Now my problem is with the derivation of the log-likelihood function. If I consider k-means as a form of an EM algorithm with spherical clusters I get a gaussian cluster $cl_i$ with density $f_{cl_i}$ like

$$ f_{cl_i}(\vec{x}, \vec{\mu_i}, \mathbf{\Sigma}) = \frac{1}{\sqrt{(2 \pi)^d det(\mathbf{\Sigma}})} \exp(-\frac{1}{2} (\vec{x}-\vec{\mu})^T \mathbf{\Sigma}^{-1} (\vec{x}-\vec{\mu})) $$ with $\bf{\Sigma}$ as covariance of the cluster $cl_i$.

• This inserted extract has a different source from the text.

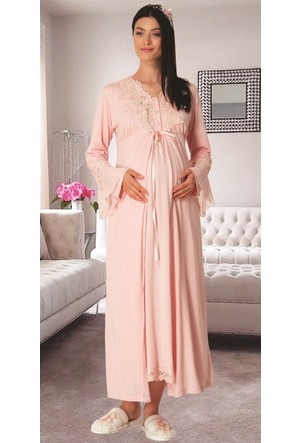 Effortt 8045 Pudra Kolay Emzirme Ozellikli Sabahlikli Hamile Lohusa Gecelik Takimi Satin Al Lohusam

As the cluster is spherical, $\bf{\Sigma}$ can be written as $\bf{\Sigma}=\sigma^2 \bf{I}$ where $\bf{I}$ is the identiy matrix. This gives $f_{cl_i}$ as $$ f_{cl_i}(\vec{x}, \vec{\mu_i}, \Sigma) = \frac{1}{\sqrt{(2 \pi \sigma^2)^d}} \exp(-\frac{(\vec{x}-\vec{\mu})^2}{2 \sigma^2}) $$ and therefore a log-likelihood function $\mathcal{L}$ for a cluster $$ \begin{aligned} \mathcal{L}(\Theta;\vec{x}) = \sum_{i=1}^{n} log( \frac{1}{\sqrt{(2 \pi \sigma^2)^d}} \exp(-\frac{(\vec{x_i}-\vec{\mu})^2}{2 \sigma^2}) ) = \\ - n \log( \sqrt{(2 \pi \sigma^2)^d}) - \frac{1}{2 \sigma^2} \sum_{i=1}^{n} (\vec{x_i}-\vec{\mu})^2 \end{aligned} $$

I understand, that the first term can be omitted, as I am only interested in differences of the AIC for different $k$ and that term is constant over $k$.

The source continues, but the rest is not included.